Pulling into a service station to listen to Nicola Sturgeon’s resignation speech on Wednesday morning, I was hit by a wave of sadness. It wasn’t that the first minister’s departure was unexpected. Though the precise timing was a shock, she has been visibly flagging for months, and her popularity has been waning even among SNP diehards. “She’s lost the room,” one loyalist told me recently. When Jacinda Ardern – a politician Sturgeon greatly admires – stepped down as the prime minister of New Zealand with the words: “We give all that we can for as long as we can. And then it’s time,” I imagined Sturgeon thinking: “That’s the way to do it.”
Nor am I blind to the chequered nature of the first minister’s legacy. It has been disappointing to watch a woman who came to power with such noble aspirations fail to deliver on a succession of pledges, such as closing the educational attainment gap, and become mired in a succession of controversies, such as the ferry fiasco and the “missing” £600,000 of SNP funds.
Yet her speech – and the poise with which she delivered it – brought back all that was good about her leadership: the almost Calvinist sense of duty, the relatability, the humility. These are qualities absent in the five UK prime ministers who have been in office as she attempted to steer her ship through the choppy waters that their greed and populism created.

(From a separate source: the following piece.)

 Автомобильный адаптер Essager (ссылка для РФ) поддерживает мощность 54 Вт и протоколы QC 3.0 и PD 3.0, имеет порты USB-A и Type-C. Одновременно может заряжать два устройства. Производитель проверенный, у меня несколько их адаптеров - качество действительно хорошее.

Sturgeon has her own character flaws. Her cautious nature has had a dampening effect on her radicalism, and her reluctance to listen to anyone outside her inner circle led to errors of judgment on the “named person” legislation, which was later found to breach children’s right to privacy, and on the gender recognition reform bill, which Rishi Sunak blocked in a historic challenge to Scottish devolution.
Still, if Boris Johnson, Liz Truss or Sunak had possessed a fraction of Sturgeon’s integrity, there would have been no Brexit, no support for bankers’ bonuses and no hint of tax avoidance. And if they had acknowledged the SNP’s overwhelming mandate for a second independence referendum, she would not now be facing criticism for failing to secure one.

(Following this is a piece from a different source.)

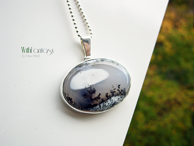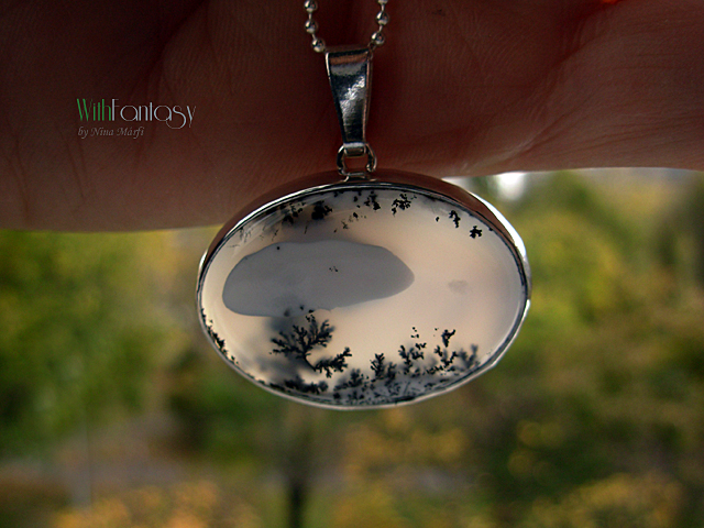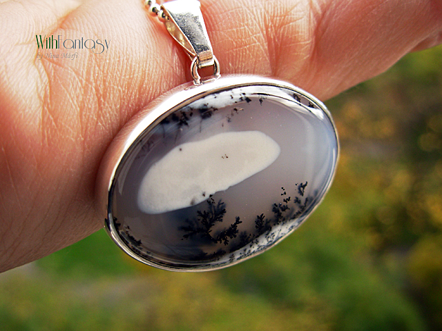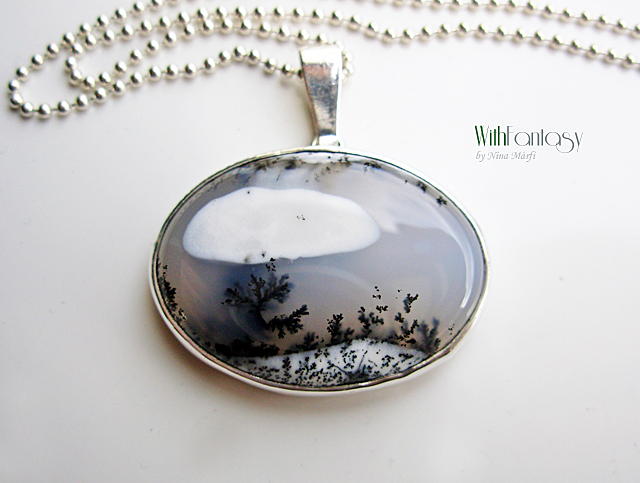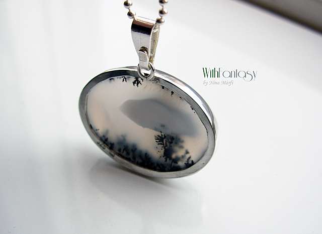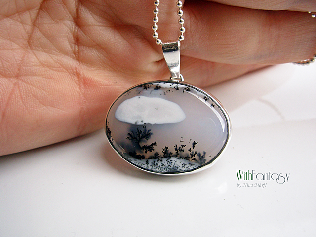 Klasszikus, igazan nőies, ezüst medál különleges dendrites acháttal. A kő nagyon jó minőségű és egyedi. Ez a dendrites achát olyan, mintha a természet festette miniatűr látkép lenne. Tökéletes nyárra és a téli időszakra is. Az ezüst oxidált és polírozott.

Furthermore, while Sturgeon’s policies may not have been ambitious enough for those on the left of the SNP, Scotland’s tax system is the most progressive in the UK, and the Conservatives’ welfare reforms are being mitigated by the child payment – £25 per child per week for low-income families.
Sturgeon made enemies on both sides of the constitutional divide. Sometimes it felt like she couldn’t win.
But the sight of her, eloquent and self-reflective at the podium brought back her finest hour: guiding Scotland through the pandemic. There were mistakes there, too, of course, most notably the release of untested hospital patients into care homes. But her messaging was always clear and direct, and you never doubted she cared or that she was giving her all.
You could no more imagine Sturgeon socialising while other people mourned alone than you could imagine Johnson stacking chairs at the end of a political meeting (something Sturgeon was wont to do even as first minister). Or resigning gracefully in the interests of his party and his country.
Her speech was also a reminder of how she transformed the landscape. When I returned to Scotland from England in 1996, politics and journalism was male-dominated, with female voices pushed to the margins. Sturgeon changed all that, not merely by being a woman at the helm (after all, there have been two female prime ministers during her time in power), but by actively promoting gender equality.
Her government’s handling of the initial allegations against Alex Salmond, and the inquiry that followed, almost proved her undoing. But the impulse to change the sexual harassment complaints process came from a place of principle; and she stuck to those principles despite the outpouring of vitriol and misogyny they unleashed. Though Sturgeon insists the fallout from the GRR bill was not the catalyst for her departure, the accusation that she has squandered her right to be considered a feminist must be painful.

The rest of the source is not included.